The company's brands includes Tai Ping, Edward Fields and La Manufacture Cogolin.

==History==
=== 1956–1960s ===
Tai Ping (meaning “Great Peace” in Chinese) was founded in Hong Kong in 1956 by Sir Lawrence Kadoorie, Sir Horace Kadoorie, and a group of international business associates. The company initially focused on preserving the tradition of handmade Chinese carpets and supporting craftspeople who had relocated from Mainland China. Early projects included a custom carpet for Grauman’s Chinese Theatre in Los Angeles.

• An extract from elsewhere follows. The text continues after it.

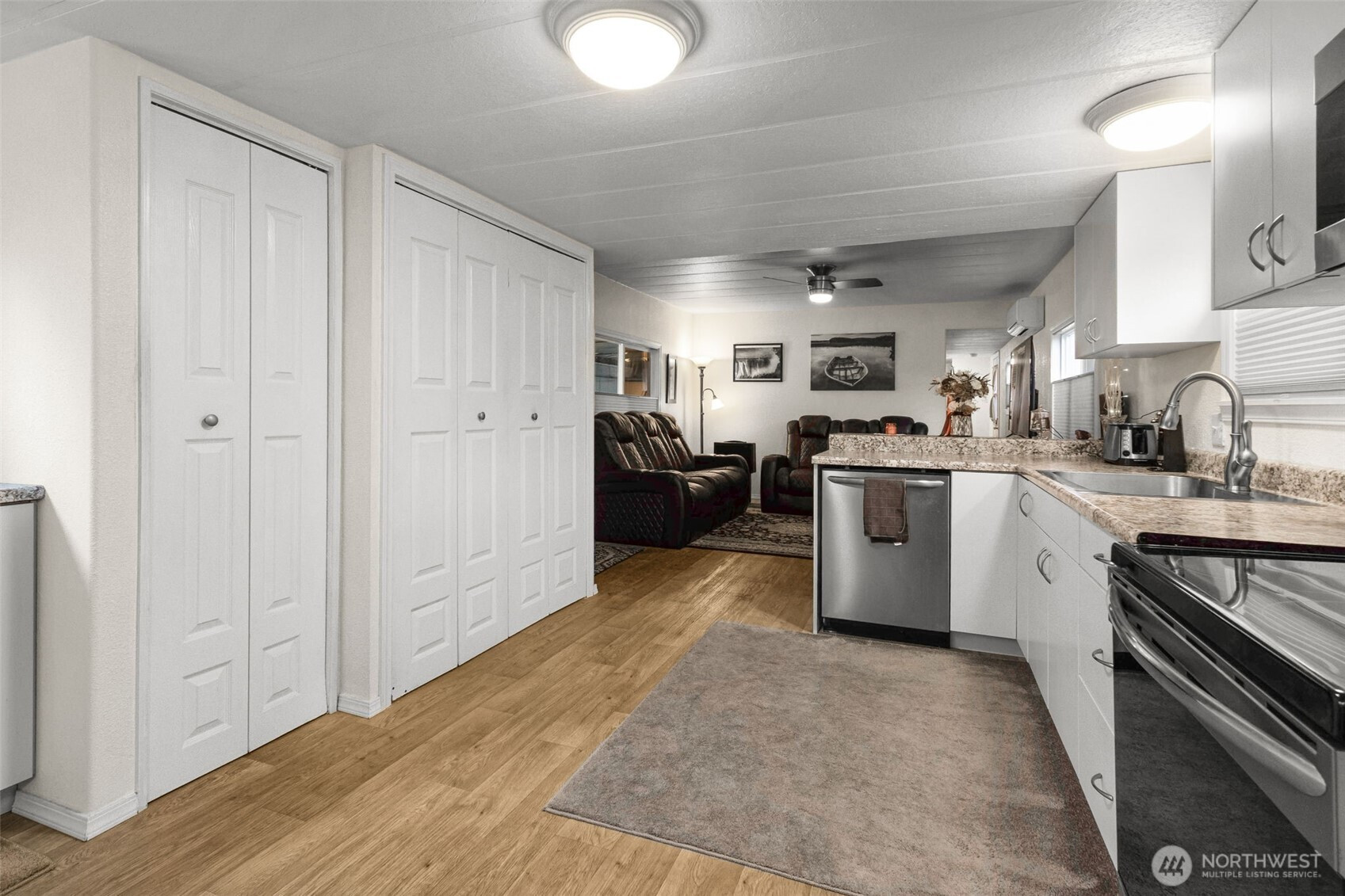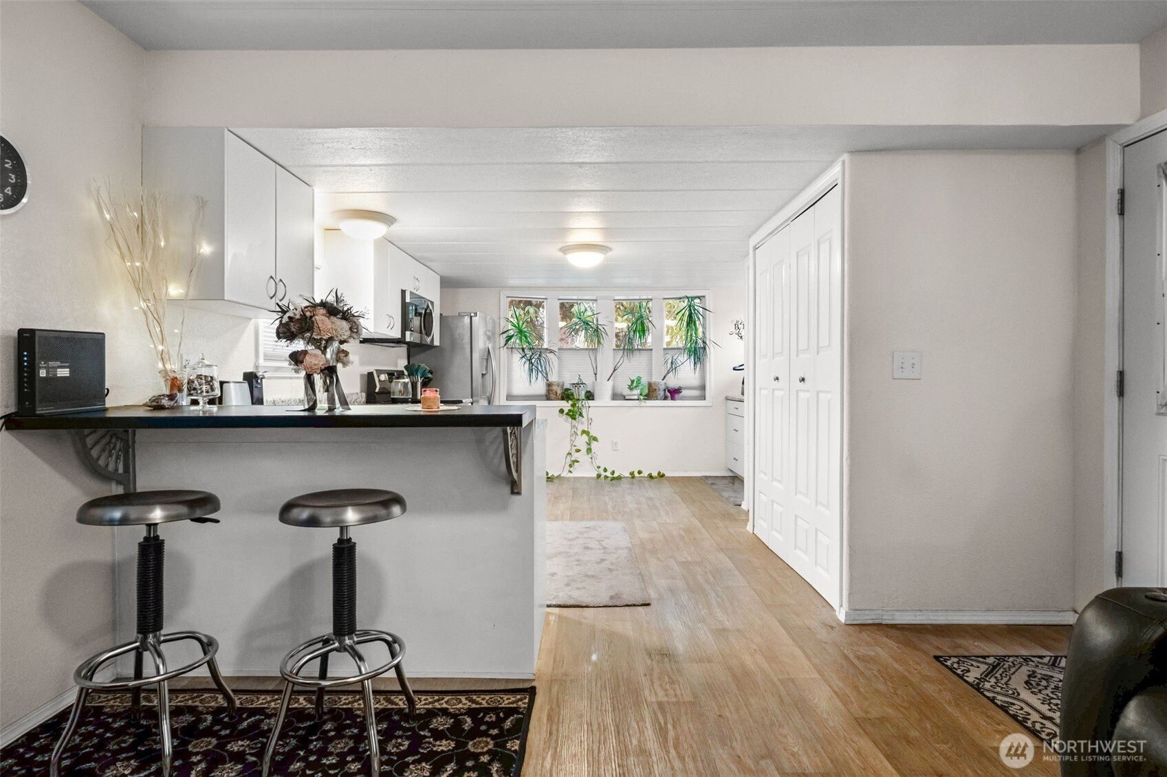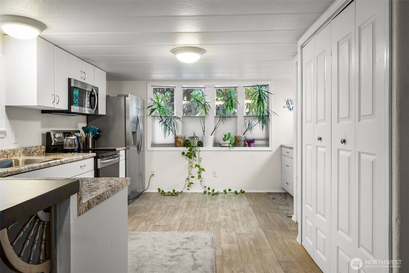 Welcome to this nicely updated and well-maintained home in the Crestview 55+ community. This affordable home offers many recent improvements, including a newer roof, updated insulation and drywall, low-maintenance flooring, and double-paned vinyl windows that bring in great natural light and create a bright, comfortable living space. Both the furnace and mini-split system (with A/C) have been replaced within the last few years. The spacious kitchen features stainless-steel appliances that all stay, while on-demand hot water adds everyday convenience. The bathroom includes a low step-in shower, and the primary bedroom offers direct access to the back deck — a perfect spot to enjoy your morning coffee or soak up some afternoon sun. Crestview is conveniently located near groceries, libraries, and restaurants in both Summit and downtown Puyallup. You’ll enjoy easy access to I-5, SR-512, and SR-167 while still having a quiet, country feel. Space rent $850 per month, and pets under 20 pounds are allowed with park approval.

Shortly after its founding, the company director, Anthony Yeh developed a motorized hand-tufting gun that enabled faster and more efficient carpet production and later became widely adopted within the industry. In 1957, Tai Ping opened a showroom in Hong Kong beside The Peninsula Hotel, and in 1959, relocated production to a larger facility in Tai Po in the New Territories.

=== 1960s–1970s ===
During the 1960s and 1970s, Tai Ping expanded internationally, opening its first overseas showroom in Paris in 1963. The company produced carpets for high-profile residences, including Buckingham Palace, Windsor Castle, the Élysée Palace, as well as royal households in Thailand and Brunei. Between 1961 and 1965, the Tai Po factory was expanded to 60,000 square meters. To support growing demand, Tai Ping established the Philippine Carpet Manufacturing Corporation (PCMC) in 1966, the Thailand Carpet Manufacturing Co. Ltd. (TCMC) in 1968, and a joint venture factory in Singapore's Jurong Industrial Estate in 1971.

=== 1980s–2000s ===
During the 1980s and 1990s, Tai Ping continued its international expansion, opening a flagship showroom in Paris in 1982 and its first London showroom on Savile Row in 1985, which was later succeeded by a flagship showroom on Fulham Road in 2024. During this period, the company completed projects including a hand-tufted carpet for the mosque at Riyadh International Airport Mosque.

In the 2000s, the company expanded its presence in the United States, opening a flagship showroom in New York City in 2004, now located in the Architects & Designers Building anchored in the heart of Manhattan's design district, and acquiring the American carpet company Edward Fields in 2005. Edward Fields' carpets have been installed in locations including the White House and Air Force One, and the brand operates through shared Tai Ping showrooms in the United States.

=== 2010s–present ===
In 2010, Tai Ping purchased La Manufacture Cogolin, the French producer of hand-woven Jacquard carpets, founded by Jean Lauer in 1924. Under Tai Ping direction, the company's original workshops were restored and a new Paris showroom was opened in June 2012.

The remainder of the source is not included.